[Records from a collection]
* * * * * * * * *

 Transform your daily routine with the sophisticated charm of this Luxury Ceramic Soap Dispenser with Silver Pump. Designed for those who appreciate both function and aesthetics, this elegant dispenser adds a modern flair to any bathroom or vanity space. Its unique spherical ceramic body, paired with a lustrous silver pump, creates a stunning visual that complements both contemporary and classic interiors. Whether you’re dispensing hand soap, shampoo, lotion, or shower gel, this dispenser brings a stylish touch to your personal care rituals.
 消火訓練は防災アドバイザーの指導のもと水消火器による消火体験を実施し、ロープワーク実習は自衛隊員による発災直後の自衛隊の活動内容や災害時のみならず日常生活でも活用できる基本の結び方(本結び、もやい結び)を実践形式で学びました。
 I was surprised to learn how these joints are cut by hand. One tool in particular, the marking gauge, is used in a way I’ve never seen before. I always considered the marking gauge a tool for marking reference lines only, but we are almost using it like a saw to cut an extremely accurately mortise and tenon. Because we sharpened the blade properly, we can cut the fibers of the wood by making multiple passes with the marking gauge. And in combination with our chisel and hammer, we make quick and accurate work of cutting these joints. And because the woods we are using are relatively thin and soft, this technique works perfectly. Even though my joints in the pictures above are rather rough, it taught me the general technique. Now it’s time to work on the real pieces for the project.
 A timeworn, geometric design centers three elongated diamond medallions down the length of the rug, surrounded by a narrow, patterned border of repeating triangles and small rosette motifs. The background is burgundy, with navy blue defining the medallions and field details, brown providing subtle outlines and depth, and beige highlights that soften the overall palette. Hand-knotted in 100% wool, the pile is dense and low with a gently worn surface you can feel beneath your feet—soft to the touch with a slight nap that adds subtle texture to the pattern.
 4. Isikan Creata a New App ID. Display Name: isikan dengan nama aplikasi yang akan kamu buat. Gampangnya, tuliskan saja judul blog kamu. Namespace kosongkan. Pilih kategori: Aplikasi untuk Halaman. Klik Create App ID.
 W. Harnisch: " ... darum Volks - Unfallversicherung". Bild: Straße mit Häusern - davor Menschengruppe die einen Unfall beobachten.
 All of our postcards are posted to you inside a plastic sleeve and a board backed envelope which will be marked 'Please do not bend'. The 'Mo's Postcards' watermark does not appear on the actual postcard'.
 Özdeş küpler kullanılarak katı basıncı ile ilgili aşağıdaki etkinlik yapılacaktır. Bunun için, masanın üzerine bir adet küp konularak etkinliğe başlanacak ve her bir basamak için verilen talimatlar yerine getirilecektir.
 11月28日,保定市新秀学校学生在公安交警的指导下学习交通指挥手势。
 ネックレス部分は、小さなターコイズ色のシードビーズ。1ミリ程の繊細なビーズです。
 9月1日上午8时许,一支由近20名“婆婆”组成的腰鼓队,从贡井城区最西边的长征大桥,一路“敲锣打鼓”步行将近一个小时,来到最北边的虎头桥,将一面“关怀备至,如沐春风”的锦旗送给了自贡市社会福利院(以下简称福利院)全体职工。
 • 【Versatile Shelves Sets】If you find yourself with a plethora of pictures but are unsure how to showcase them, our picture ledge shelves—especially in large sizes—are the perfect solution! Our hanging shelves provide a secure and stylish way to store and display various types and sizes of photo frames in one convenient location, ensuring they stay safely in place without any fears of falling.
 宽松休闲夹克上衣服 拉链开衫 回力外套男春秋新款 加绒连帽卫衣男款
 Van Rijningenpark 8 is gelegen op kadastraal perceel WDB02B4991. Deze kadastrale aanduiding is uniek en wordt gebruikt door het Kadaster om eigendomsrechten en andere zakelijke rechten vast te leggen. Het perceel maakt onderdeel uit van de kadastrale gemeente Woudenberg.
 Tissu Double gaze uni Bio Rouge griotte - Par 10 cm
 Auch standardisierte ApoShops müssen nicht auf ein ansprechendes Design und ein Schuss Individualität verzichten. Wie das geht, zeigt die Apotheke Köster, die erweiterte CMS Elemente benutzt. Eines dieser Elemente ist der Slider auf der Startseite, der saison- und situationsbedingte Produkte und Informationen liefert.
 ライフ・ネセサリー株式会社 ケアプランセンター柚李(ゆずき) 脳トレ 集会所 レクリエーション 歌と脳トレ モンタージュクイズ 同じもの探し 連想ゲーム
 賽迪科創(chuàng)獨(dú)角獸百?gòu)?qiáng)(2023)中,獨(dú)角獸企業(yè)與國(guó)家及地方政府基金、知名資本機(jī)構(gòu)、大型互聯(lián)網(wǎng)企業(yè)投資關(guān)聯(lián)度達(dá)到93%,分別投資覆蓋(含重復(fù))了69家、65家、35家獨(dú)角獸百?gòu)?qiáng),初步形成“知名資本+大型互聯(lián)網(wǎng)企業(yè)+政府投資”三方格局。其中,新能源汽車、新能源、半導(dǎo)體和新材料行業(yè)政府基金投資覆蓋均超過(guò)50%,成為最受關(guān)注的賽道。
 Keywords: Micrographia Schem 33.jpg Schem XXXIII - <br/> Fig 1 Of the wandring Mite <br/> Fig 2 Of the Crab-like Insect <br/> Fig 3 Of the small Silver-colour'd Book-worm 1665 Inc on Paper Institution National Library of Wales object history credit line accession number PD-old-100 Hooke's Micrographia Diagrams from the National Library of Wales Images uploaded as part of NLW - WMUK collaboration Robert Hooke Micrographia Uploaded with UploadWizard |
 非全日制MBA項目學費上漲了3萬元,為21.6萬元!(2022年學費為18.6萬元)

* * * * * * * * *

PROBLEM TO SOLVE: Please write out, exactly as they appear above, only the lines in the stretch from the line with "11月28日,保定市新秀学校学生在公安交警的指导下学习交通指挥手势。" through the line with "Tissu Double gaze".

SOLUTION FOR THIS EXERCISE:
 11月28日,保定市新秀学校学生在公安交警的指导下学习交通指挥手势。
 ネックレス部分は、小さなターコイズ色のシードビーズ。1ミリ程の繊細なビーズです。
 9月1日上午8时许,一支由近20名“婆婆”组成的腰鼓队,从贡井城区最西边的长征大桥,一路“敲锣打鼓”步行将近一个小时,来到最北边的虎头桥,将一面“关怀备至,如沐春风”的锦旗送给了自贡市社会福利院(以下简称福利院)全体职工。
 • 【Versatile Shelves Sets】If you find yourself with a plethora of pictures but are unsure how to showcase them, our picture ledge shelves—especially in large sizes—are the perfect solution! Our hanging shelves provide a secure and stylish way to store and display various types and sizes of photo frames in one convenient location, ensuring they stay safely in place without any fears of falling.
 宽松休闲夹克上衣服 拉链开衫 回力外套男春秋新款 加绒连帽卫衣男款
 Van Rijningenpark 8 is gelegen op kadastraal perceel WDB02B4991. Deze kadastrale aanduiding is uniek en wordt gebruikt door het Kadaster om eigendomsrechten en andere zakelijke rechten vast te leggen. Het perceel maakt onderdeel uit van de kadastrale gemeente Woudenberg.
 Tissu Double gaze uni Bio Rouge griotte - Par 10 cm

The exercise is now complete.